[What the exercise asks]
In the material below, find the line with "Detalle: Polera clásica" and the line with "Tequila, hortelã, lima, xarope". Output exactly those two lines and all lines between them, leaving out pictures.

** Opening Data to process block **

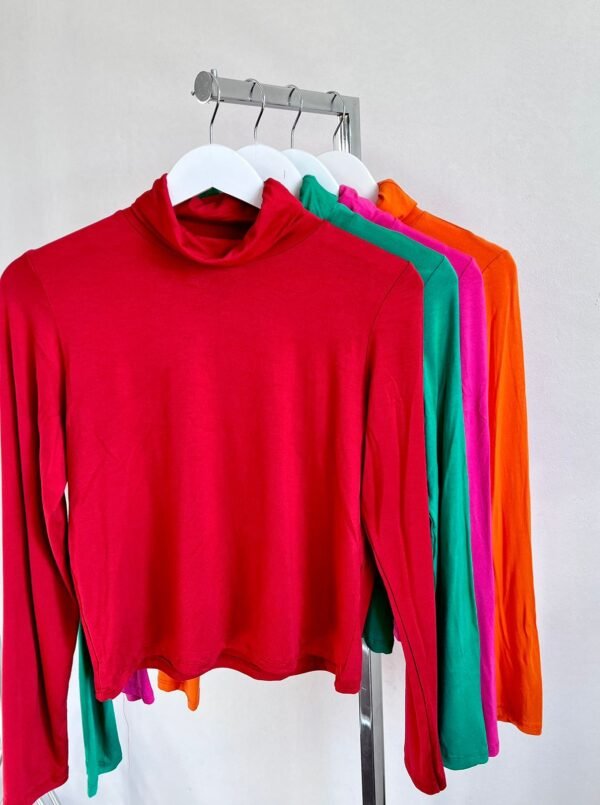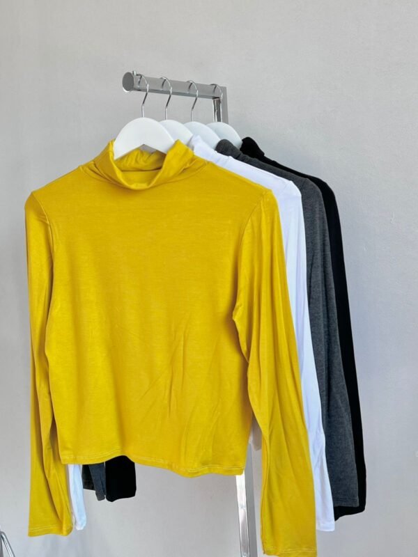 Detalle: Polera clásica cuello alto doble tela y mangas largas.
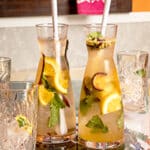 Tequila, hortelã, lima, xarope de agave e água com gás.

** Closing Data to process block **
** Opening Data to process block **

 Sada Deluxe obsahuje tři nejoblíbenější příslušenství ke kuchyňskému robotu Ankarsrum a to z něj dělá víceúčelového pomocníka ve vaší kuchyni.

** Closing Data to process block **

[Expected answer]
 Detalle: Polera clásica cuello alto doble tela y mangas largas.
 Tequila, hortelã, lima, xarope de agave e água com gás.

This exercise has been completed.